As Alabama has been discovering, when you pass the nation's more draconian anti-immigration law, you end up with a few unintended consequences. Let's say you arrest a German manager for the local Mercedes-Benz plant for not carrying the right papers, followed by a Japanese employee for Honda, and then the governor has to reassure everyone the state's open for business. That's embarrassing.

Then your farmers start having trouble getting the crops in from the field, and even local American-born volunteers can't make up the difference. Now planting season is coming up, and you've got an emergency for farmers, a critical shortage of labor that requires the different parts of the administration to put their heads together and come up with a fix.
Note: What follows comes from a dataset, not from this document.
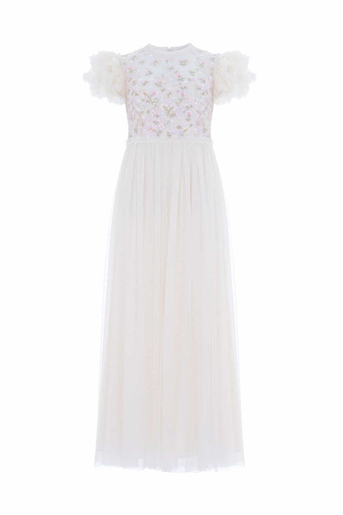 The Dahlia Bodice Round Neck Ankle Gown in Cream. The bodice of this gown is scattered with intricate floral embroidery in pink pastel tones. Beautifully decorated with shimmering silver sequins in delicate dot motifs. The skirt is developed with layers of our signature Needle & Thread tulle for a statement look. The perfect style for all your upcoming events and beyond.

Today in Mobile, a government confab will hear a proposal to rescue the farmers with prison labor. That's right -- Alabama is considering solving the crisis its lawmakers created by sending inmates into the fields. Instead of a migrant worker who risked so much to come here, farmers would get convicts. From the Alabama papers:

[T]he agenda includes a presentation on whether work-release inmates could help fill jobs once held by immigrants.

Irony of ironies, the Alabama Department of Corrections says most of its 2,000 inmates who are eligible for work are busy already.

Prison spokesman Brian Corbett says the state has about 2,000 work-release prisoners, and most already have jobs.Corbett says the prison system isn't the solution to worker shortages caused by the law.

Prison labor must be popular. Up top, a clip from American Chain Gang, a documentary about prison labor in Alabama and Arizona (which, of course, has the nation's other most draconian anti-immigration law).